What is Community Solar?

Let’s start with what exactly we’re talking about. “The U.S. Department of Energy defines community solar as any solar project or purchasing program, within a geographic area, in which the benefits flow to multiple customers such as individuals, businesses, nonprofits, and other groups. In most cases, customers benefit from energy generated by solar panels at an off-site array,” the U.S. Department of Energy (DOE) writes.

Image courtesy of U.S. DOE.

“Community solar customers typically subscribe to — or in some cases own — a portion of the energy generated by a solar array, and receive an electric bill credit for electricity generated by their share of the community solar system. Community solar can be a great option for people who are unable to install solar panels on their roofs because they are renters, can’t afford solar, or because their roofs or electrical systems aren’t suited to solar.”

And that last part is a point Ben Frank highlighted, saying, “You know, many people don’t have access to solar — on either their homes or wooded areas, or they live in apartment buildings, and they just don’t have access to it.”

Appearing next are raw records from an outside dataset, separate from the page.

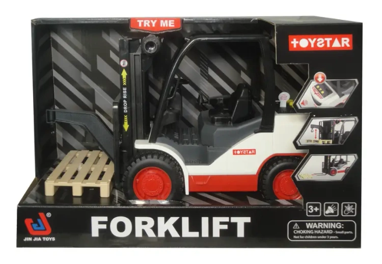 Zabawka wózek widłowy dla dzieci. Pojazd świeci kolorowym światełkiem i wydaje dźwięki cofania, klaksonu. Widły można podnosić i opuszczać za pomocą korbki. Zabawka działa na baterie typu AG13. Baterie są załączone do zabawki. Produkt dla dzieci od 3 lat. Podane wymiary są wymiarami opakowania. Zabawka zapakowana w kartonowe opakowanie. Podane wymiary są wymiarami opakowania.
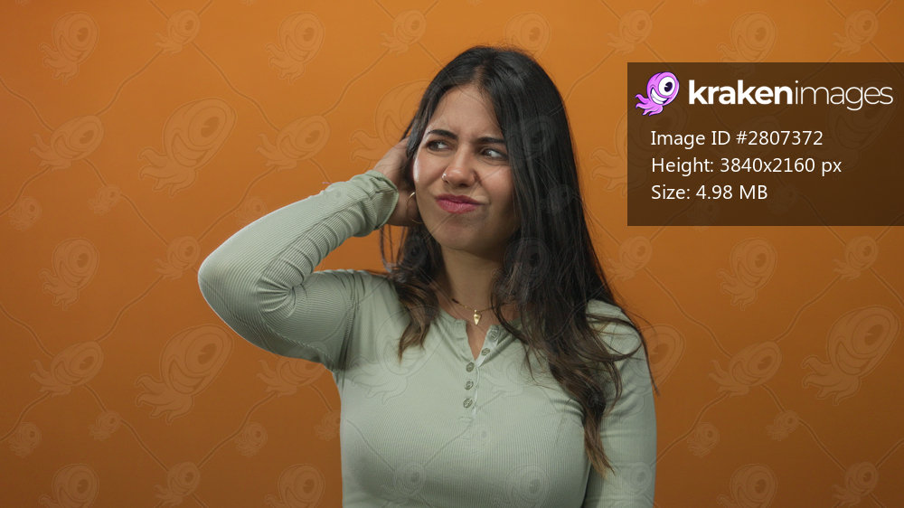 Woman thinking expression with hand on head, dressed casual against an orange background, conveying confusion and contemplation
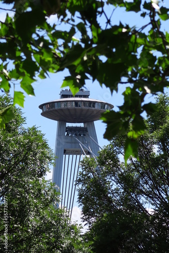 famous bridge novy most with ufo saucer building on the top in Bratislava viewed through green trees and blue sky in summer in slovakia

The DOE goes on: “Community solar projects generate electricity from sunlight and the electricity flows through a meter to the utility grid. Community solar subscribers (i.e., households, businesses, or any other electricity customer) pay for a share of the electricity generated by the community solar project. This is typically in the form of a monthly subscription fee.

“The local utility pays the community solar provider for the energy generated, and each subscriber receives a portion of the dollar value generated by their community solar subscription as a credit. Typically, this credit is applied directly to a subscriber’s monthly electric bill, helping to reduce customers’ electricity costs.”

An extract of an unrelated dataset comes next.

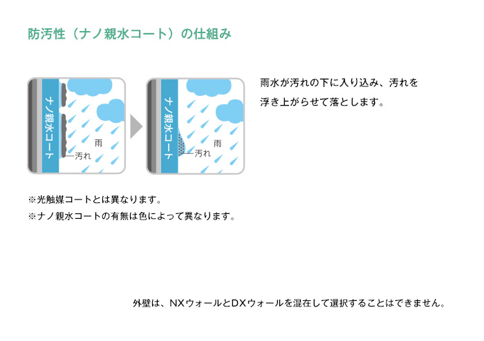 外壁は、NXウォールとDXウォールを混在して選択することはできません。

The Solar Energy Industries Association (SEIA) simplifies further: “Community solar refers to local solar facilities shared by multiple community subscribers who receive credit on their electricity bills for their share of the power produced.”

Image courtesy of SEIA.

What is unique about community solar is that it is truly an unusual and innovative structure for ownership of a large power plant or power system. Community solar power is enabled by policy to some extent — regulation of power plant ownership and electricity sales — and as hinted above, community solar is nearly non-existent outside of the U.S. “Community solar programs — and this is me talking with my SolarEdge colleagues around the world, and we do pretty much operate in every country — it’s pretty unique to the U.S. I haven’t seen any other community solar programs that are similar to what we’re doing here,” Ben Frank adds.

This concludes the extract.